Background
MediaWiki's link database tables are among the largest tables of any WMF production database. Optimizing the way we store and retreive this would generally see benefits such as:
- lower diskspace per database: slower growth, less hardware in the long run (co-locate more wikis together), and ensures each individual replica host can continue to fit and perform well with a full core database of a given wiki.
- faster backup and recovery,
- lower replication lag (smaller queries, smaller binlogs).
This is a continuation in spirit of T222224: RFC: Normalize MediaWiki link tables and T300222: Implement normalizing MediaWiki link tables, where a similar optimization and major win was made to the templatelinks table (with upcoming work for pagelinks, imagelinks and categorylinks).
externalinks
This table has grown a lot in production. It's one of the biggest tables for Commons, at 200GB, and will cause more issues in the future.
Unlike other links table, this table can't be normalized using the linktarget feature (T299417). We currently store each external link upto 8 times as part of a single row (and its indexes).
For example, this is a typical row today:
*************************** 4. row *************************** el_id: 9 el_from: 379228 el_to: http://www.iau.org/public_press/themes/naming/#minorplanets el_index: http://org.iau.www./public_press/themes/naming/#minorplanets el_index_60: http://org.iau.www./public_press/themes/naming/#minorplanets
One external link is three ways in three columns of a given row, and those columns in turn are used in five different indexes.
Option A: Create new table
Create a new table holding the domai names (call it, externaldomain?) and it would hold the domain and its inverse.
Something like:
ed_id: 1234 ed_domain: http://www.iau.org ed_index: http://org.iau.www.
The row externallinks would be reduced to
el_id: 9 el_from: 379228 el_to_domain: 1234 # Key to externaldomain.ed_id el_to_path: public_press/themes/naming/#minorplanets
Option B:
Avoid creating a new table by storing the domain inline, using only the index variant. We go from 8 to 3 copies (1 in the columns, plus two large indexes).

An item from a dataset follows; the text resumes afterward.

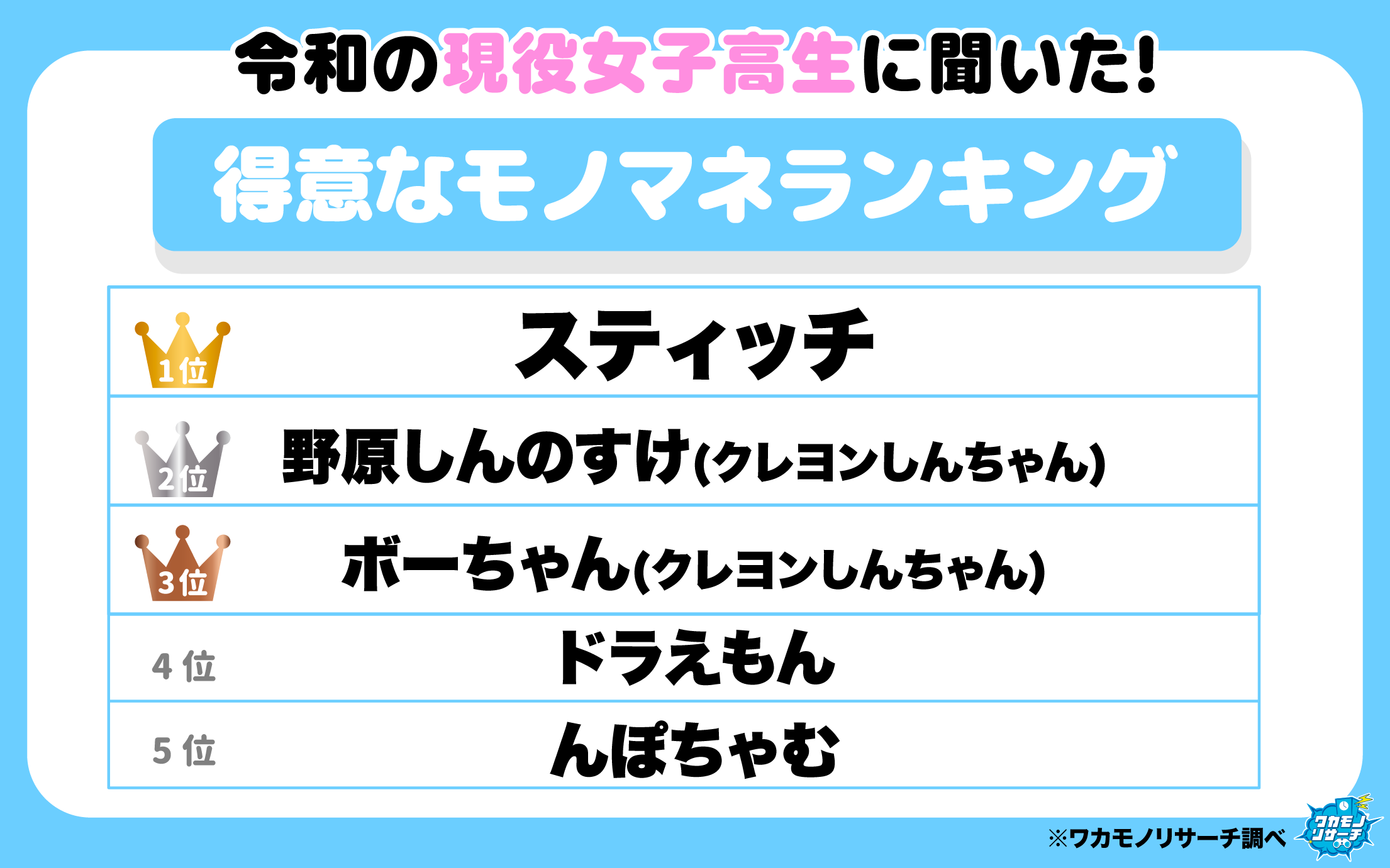 https://prcdn.freetls.fastly.net/release_image/162122/92/162122-92-8a7d87a213a6c44bd7e0714355adfd11-2210×1381.png We asked these high school girls, who are skilled at impersonations, “What is your best impersonation?” and The results were ranked, and The honorable first place went to “Stitch.” Many high school girls are Disney fans, so if you can do an impersonation, it’s sure to get the crowd excited. In second place is Nohara Shinnosuke from Crayon Shin-chan, In third place is Bo-chan from Crayon Shin-chan. Both have unique voices, making them easy to imitate. Also, the top three imitations all have “low voices,” so It may be that low voices are surprisingly easier to imitate than high voices. Also, “Doraemon” ranked fourth. Currently, Doraemon’s voice actor is Mizuta Wasabi, but Apparently, there were high school girls who imitated the previous Doraemon voiced by Oyama Nobuyo. Ranked fifth is “Npochamu”. This character was created by illustrator “Kaasanini!” It’s become a hot topic on YouTube and social media. His unique high-pitched voice is relatively easy to imitate, which is why he made it into the top 5. [High school girls who don’t have any good impersonations say it’s “difficult” and “embarrassing”] 65.5% of high school girls answered that they don’t have any good impersonations, “Impersonations are difficult and I can’t do them.” “I don’t do them because I’m embarrassed.” They don’t try impersonations because they feel it’s “difficult” or “embarrassing,” As a result, we received feedback that he doesn’t have any good impersonations. Also, “Because I haven’t done many impersonations.” “Because I don’t have any opportunities to do impersonations.” Some people say that they don’t have the environment to do impersonations in the first place, and “Because I’m a terrible impersonator.” “Because I’m not good at impersonations.” “I know my impersonations won’t be funny.” They try, but they’re so “unlike” that they end up giving up. It seems that many high school girls felt that it was not something they could show off in public. “Because I’m not funny” “Because I don’t have the sense to make people laugh” There are also high school girls who are aware that their own personalities and positions mean they are “not the type of person to do an imitation.” It also appears that the majority of high school girls who aren’t good at impersonations are “the type who don’t do impersonations in the first place.” It appears that the majority of high school girls who aren’t good at impersonations are “the type who don’t do

el_id: 9 el_from: 379228 el_to_domain_index: http://org.iau.www. el_to_path: /public_press/themes/naming/#minorplanets
Change the indexes:
- INDEX el_from (el_from, el_to(40)), - INDEX el_from_index_60 (el_from, el_index_60, el_id), + INDEX el_page_domain_id (el_from, el_to_domain_index, el_id), - INDEX el_to (el_to(60), el_from), + INDEX el_domain_page (el_to_domain_index, el_from), - INDEX el_index (el_index(60)), - INDEX el_index_60 (el_index_60, el_id),
Option B-2 (chosen)
Per T312666#8146447, even further minimised the index. This reduces from 8 to 2 copies (1 in the columns, and 1 large index).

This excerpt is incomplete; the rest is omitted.